[Data items]
- - -

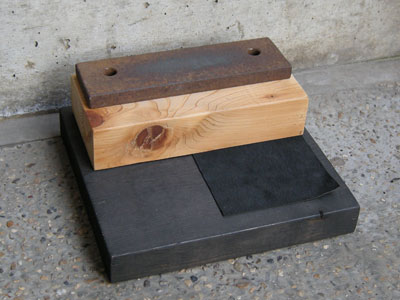 石川虚舟《随》2014 鉄、尾鷲檜、牛革、台座(SPF材に墨塗、251×233×38mm) 15年程前、和歌山県に近い大阪府南部の霊山で「沢」に遊ぶ。 せせらぎに、霊気を浴び錆び付いた鉄片を発見。 「随風庵」に持ち帰り「時熟」させ、此の度、漸く造形作品と化す。 五行説では「金」(金属)は感性を、そして「木」は理性を表象する。 青棒(研磨剤)を擦り付けた牛革で、あたかも清水が流れるが如く、 感性、つまりその「金」を研ぎすませてみよう。 陰陽五行説では、「金」と「木」は『易経』の「兌」と「震」に対応する。 「兌」(沢)の下に「震」(雷)は『随』、 つまり「年少の女」の下に「男」という関係。 ⇒ 石川虚舟《随 No.2》2014 ⇒ デュシャンと易経 |
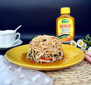 调料汁浇到鸡丝上,这道菜就做好啦,吃之前拌匀哦
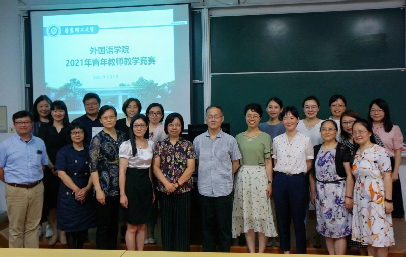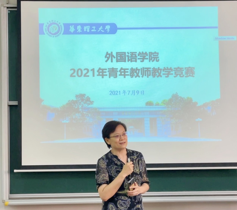 7月9日下午,外语学院2021年青年教师教学竞赛在徐汇校区三教201举行。校督导组(人文社科组)组长、外语学院原副院长颜静兰教授,上海外国语大学法国语言文学教授、博士生导师钱培鑫教授,上海外国语大学日本文化经济学院曾婧副教授,上海应用技术大学德语系主任徐林峰副教授,外国语学院优秀青年教师楼燕斐担任本次比赛的评委。外语学院党委书记王喆,院长、党委副书记赵宏,副院长韦晓保和学院部分教师观摩了比赛。比赛由英语系方朝和日语系张凤云两位老师主持。
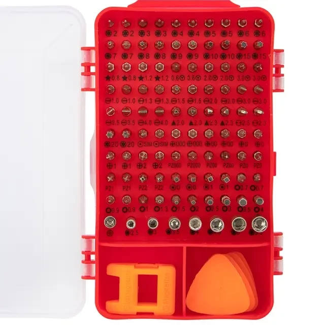 Набор отверток для точных работ KRANZ отлично подходит для ремонта телефонов, компьютеров, приемников и для многих популярных приборов, которые используются в быту. Выполнен из высококачественной хромованадиевой стали CR-V с высокой устойчивостью к коррозии и образованию ржавчины. Точно подобранные по характеристикам магнитные насадки отлично подходят для профессионального ремонта и для мелких бытовых работ. В наборе 114 предметов: Биты: PH000х2, PH00х2, PH0х2, PH1х2, PH2х2 Special PH2 SL1х2, SL1.3х2, SL1.5х2, SL2х2, SL3х2, SL3.5х2, SL4x2 T2х2, T3х2, T4х2, T5х2, T6x2, T7x2, T8x2, T9x2, T10x2, T15x2, T20x2 H0.7x2, H0.9x2, H1, H1.3, H1.5, H2, H2.5, H3, H3.5, H4 P2х2, P5х2, / Pentalobe 0.8х2, 1.2х2, Triangle 2x2, 2.3x2 SQ0,1x2 U2.3х2 ° 0.8x2 Y0.6х2, Y2х2, Y3x2 PZ000x2, PZ00x2, PZ0x2, PZ1x2, PZ2x2 M2.5, M3, M3.5, M4, M4.5, M5, M5.5 Рукоятка, удлинитель, гибкий удлинитель, пинцет, переходник, магнит, присоска, игла Спуджеры и медиаторы: 10 шт. Посадка бит: 1/8
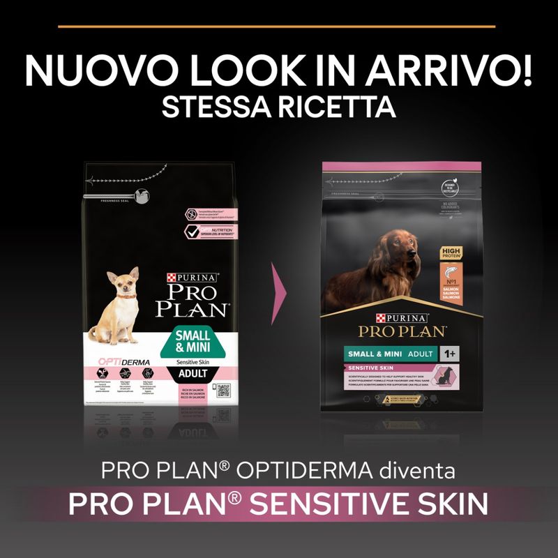 Scegli Purina Pro Plan Sensitive Skin Small e Mini Adult per garantire un' alimentazione quotidiana, sana e ricca di nutrienti importanti, appositamente pensata per il tuo amico peloso.
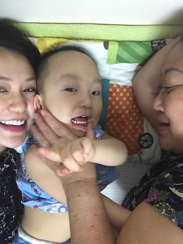 Khoảnh khắc bình yên giữa mẹ Tuấn Hưng cùng con dâu và cháu nội khiến anh vô cùng xúc động.

- - -

The task
Start with the line above containing "调料汁浇到鸡丝上,这道菜就做好啦,吃之前拌匀哦" and end with the line containing "7月9日下午,外语学院202". Set down that stretch exactly, without any pictures.

Response area
 调料汁浇到鸡丝上,这道菜就做好啦,吃之前拌匀哦
 7月9日下午,外语学院2021年青年教师教学竞赛在徐汇校区三教201举行。校督导组(人文社科组)组长、外语学院原副院长颜静兰教授,上海外国语大学法国语言文学教授、博士生导师钱培鑫教授,上海外国语大学日本文化经济学院曾婧副教授,上海应用技术大学德语系主任徐林峰副教授,外国语学院优秀青年教师楼燕斐担任本次比赛的评委。外语学院党委书记王喆,院长、党委副书记赵宏,副院长韦晓保和学院部分教师观摩了比赛。比赛由英语系方朝和日语系张凤云两位老师主持。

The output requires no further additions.